The deduplication happens downstream, not in Zerobus itself. Include a unique identifier (UUID, composite key) in every record so you can detect and discard duplicates in your consumers or downstream pipelines.

  • 15,000 rows/s and 100 MB/s per stream are hard caps — you won’t get a clear error when you exceed them. Throughput silently degrades as the server throttles. If your producer seems slow, check whether you’ve hit the per-stream ceiling and split into multiple streams.
  • 10 MB max message size — a single record larger than 10 MB (10,485,760 bytes) is rejected. This usually happens with wide schemas containing large binary or nested struct columns. Flatten or split the data before ingestion.
  • Single-AZ deployment means zone outages affect you — Zerobus runs in one availability zone. A zone failure takes down the service until the zone recovers. Your retry logic must handle outages lasting minutes, not just seconds. Cap backoff at 30s and keep retrying.
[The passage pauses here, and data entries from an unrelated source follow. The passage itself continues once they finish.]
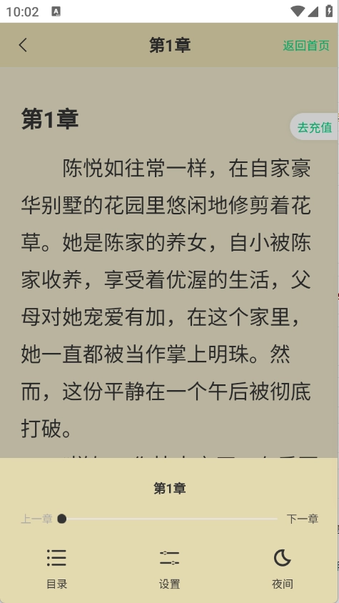 上下滑动屏幕找到并点开自己喜欢的小说资源后,就能进入阅读页面了。
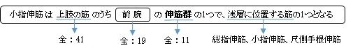 ・ 弱い筋なので、働きとしては総指伸筋の補助的なものになる。
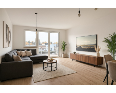 Entlang der Küche, findet sich das Highlight der Wohnung - ein geräumiges Wohnzimmer, dass viel Platz für eine schöne Wohnlandschaft bietet und den Zugang zum großen gepflasterten Balkon in West-Lage gewährt. Hier lässt es sich wunderbar vom Alltagsstress erholen.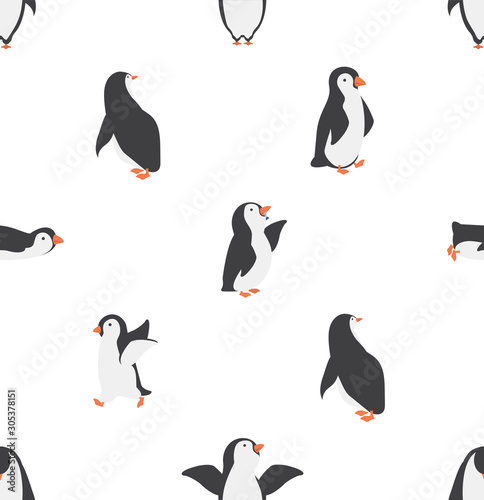 © focus_bell, Naklejka premium Seamless penguins characters vector pattern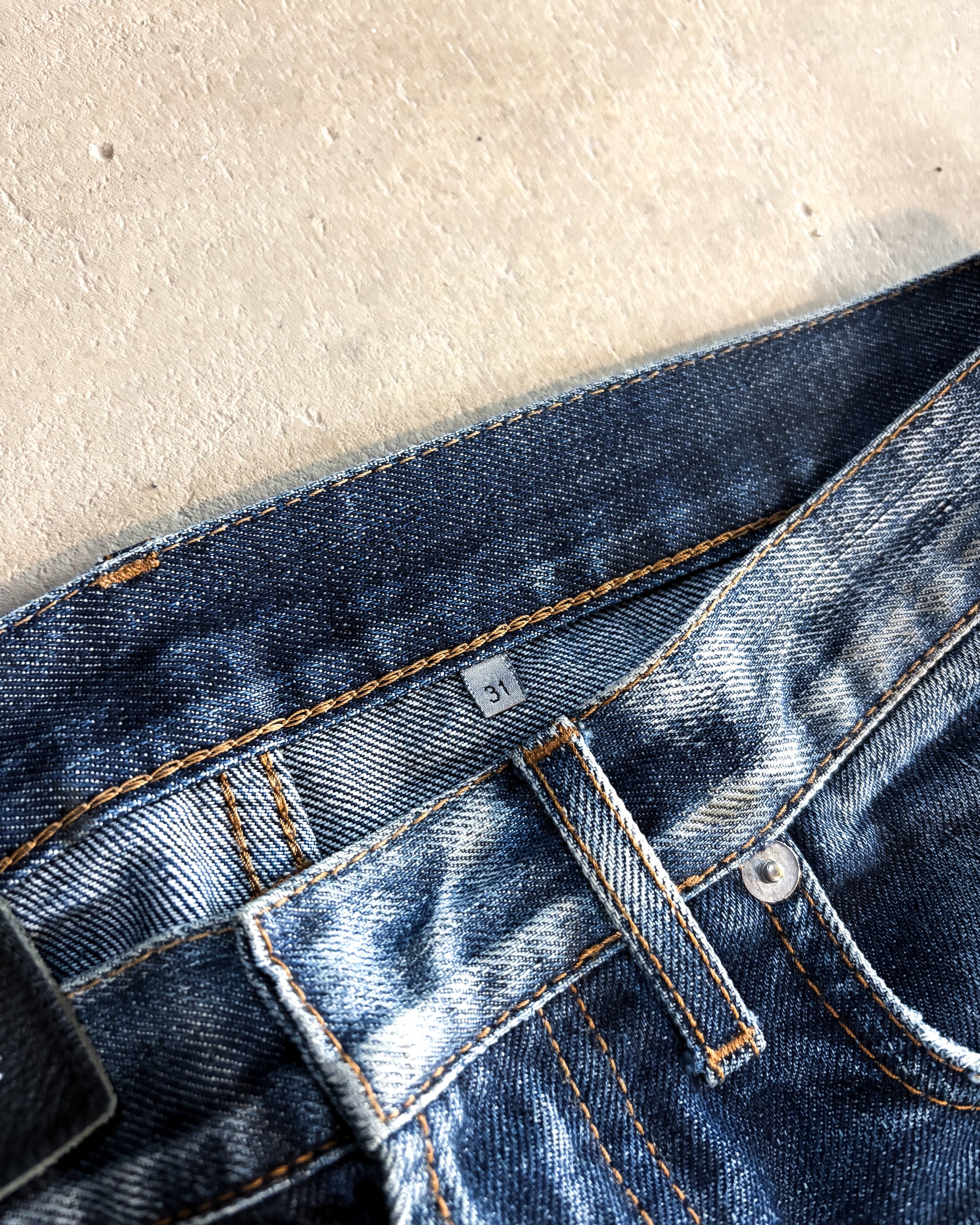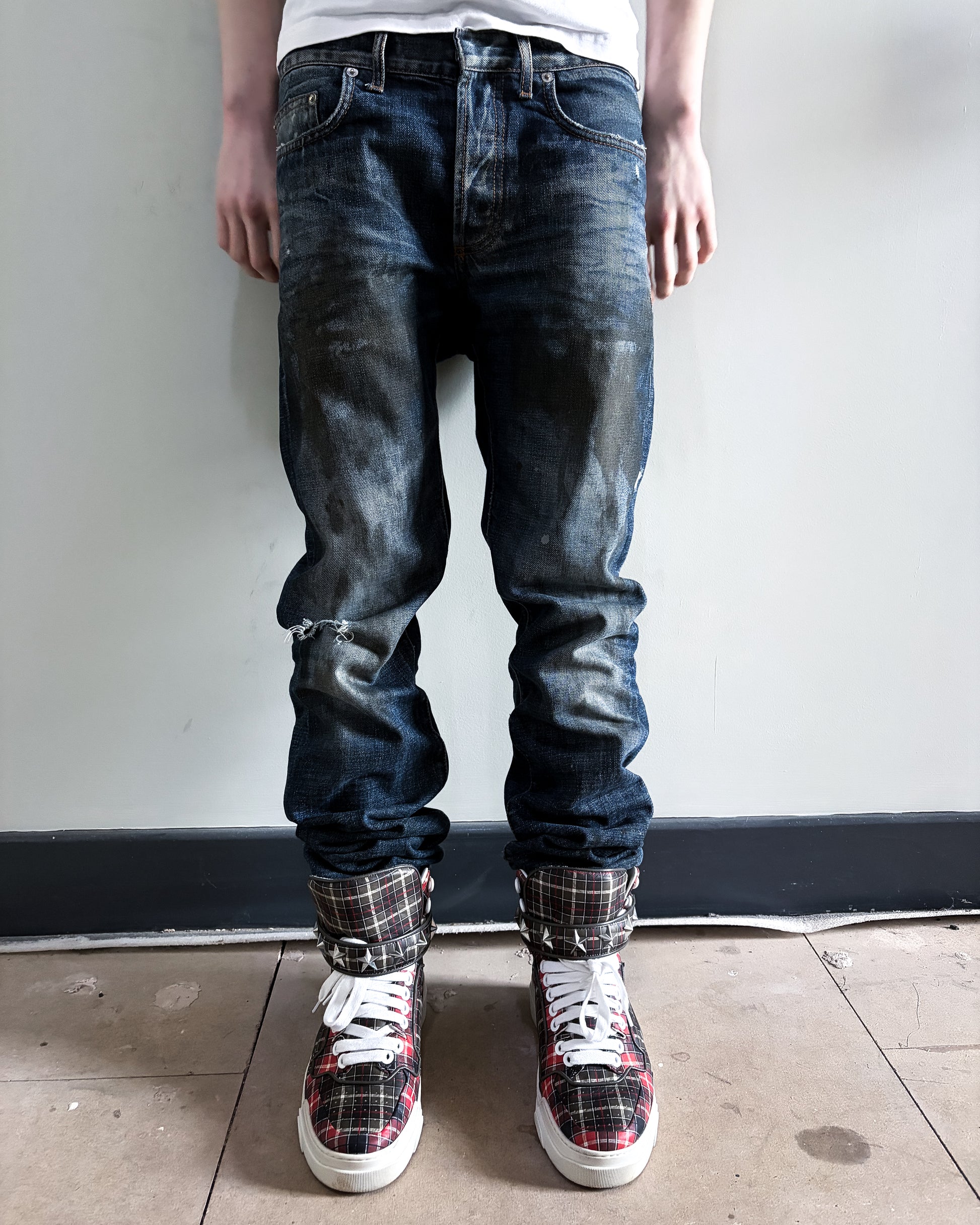 Dior Homme FW11 mud wash denim by Kris Van Assche, featuring the rack rail treatment seen throughout the collection. Crafted from Japanese denim with natural whiskering across the thighs and signature mud-effect distressing. Finished with an unaltered original inseam and classic Dior Homme slim silhouette.

  • Server closes streams during maintenance — you’ll see a “stream closed” error with no warning. This is expected behavior. Always implement stream reinitialization in your retry loop, not just record-level retries.
  • At-least-once delivery means duplicates are inevitable — any retry that succeeds after a timeout can produce duplicates. Build deduplication into your downstream consumers from day one, not after you discover the duplicates in production.
  • No automatic schema evolution — adding a column to the table without regenerating the .proto causes a silent mismatch. The new column gets null values. Removing a column from the table while the old .proto still references it causes ingestion failures.
  • Managed Delta tables only — external tables, views, and non-Delta formats are not supported. The table must be managed within Unity Catalog in a supported region.
  • Workspace must be in a supported region — AWS supports 9 regions, Azure supports 11. Check the Setup & Authentication page for the full list. Attempting to connect from an unsupported region gives a generic connection error.